Potential problems
However, he adds that there are some pitfalls to consider, including potential tax implications.
Hale says: “Helping loved ones when they need it most can be a rewarding experience. However, with more than 700 products available and issues such as ensuring their own future financial security and potential tax implications due to the seven-year rule needing careful consideration, it is vital that those contemplating using their housing equity to make a gift seek specialist advice.”
Echoing his comments, Raghwani says there are some downfalls that clients must be aware of before considering equity release.
He explains: “Equity release can be used as a tool for intergenerational planning as long as the family understand the risks. The starting point is to establish if funds could be raised by other means, such as downsizing. Most individuals wish to remain in their family home, so downsizing is generally discarded. Equity release has a potential benefit of reducing inheritance tax as you create a debt against the property.”

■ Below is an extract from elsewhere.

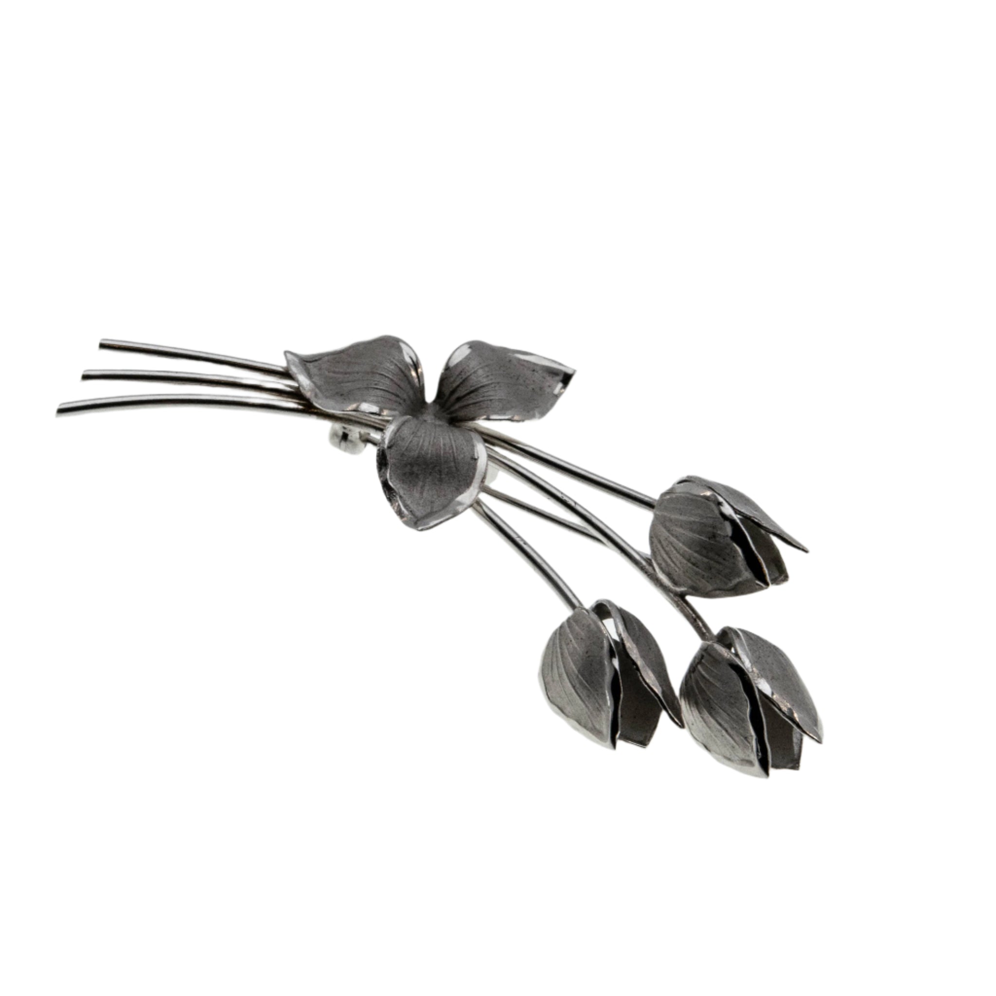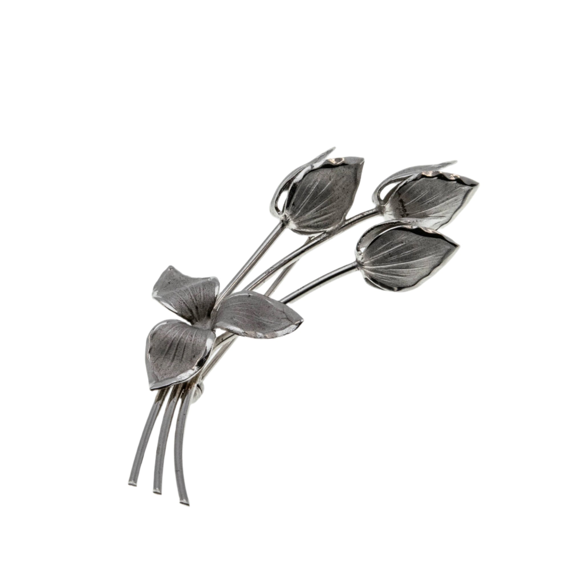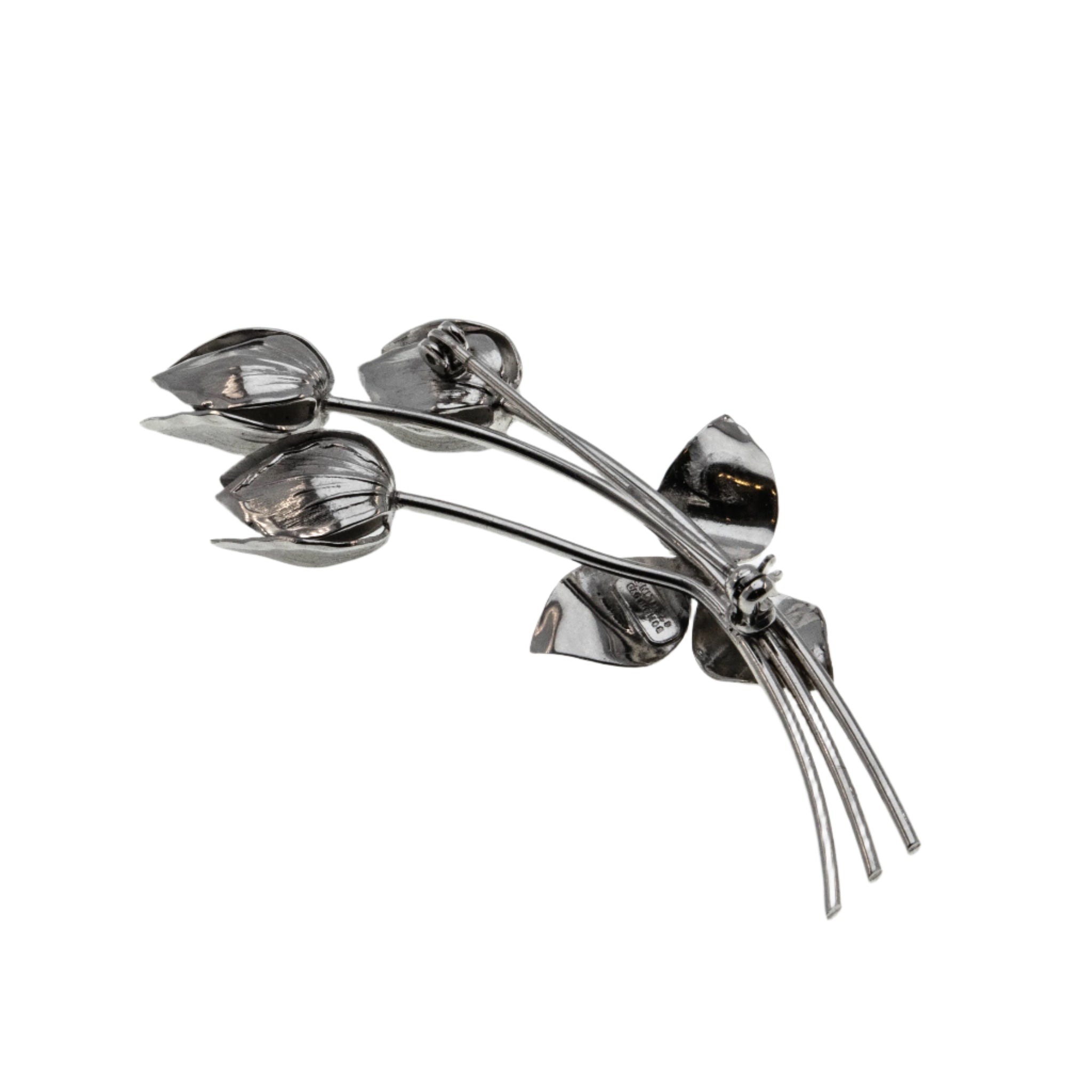 Tulip Fever - Vintage Signed 'Bond Boyd' Sterling Silver Tulip Flower Bouquet Brooch (VBR298)

He also adds that the debt could increase significantly over the years due to the roll up of interest as interest rates on equity release tend to be more than 4 per cent, and there are also early exit penalties for repaying the mortgage.
Chan says that gifting money via equity release, in terms of IHT purposes, will be considered as a potentially exempt transfer so the usual seven-year rule still applies.
He adds: “The main benefit in gifting it this way is for this group of parents and grandparents to have the joy and satisfaction of seeing their children and grandchildren make use of this money during their lifetime, as opposed to them receiving the funds after they have passed away. Of course, if they were to then survive seven years after making the gift, then they could potentially reduce the IHT on their estate.”
However, on the plus side, an advantage is that many equity release products allow drawdown so that the homeowners can release only the equity they need at the time. He adds that this is subject to certain minimums, which means that they can phase the equity released over several years and only pay interest on the amount drawn down.
He also argues that the main caveat is that not only are set-up costs for equity release typically quite high, including product fees, financial and legal advice, but the interest on a lifetime mortgage could build up over their lifetime and negate any potential IHT saving. In addition, it could make moving homes quite difficult if circumstances change.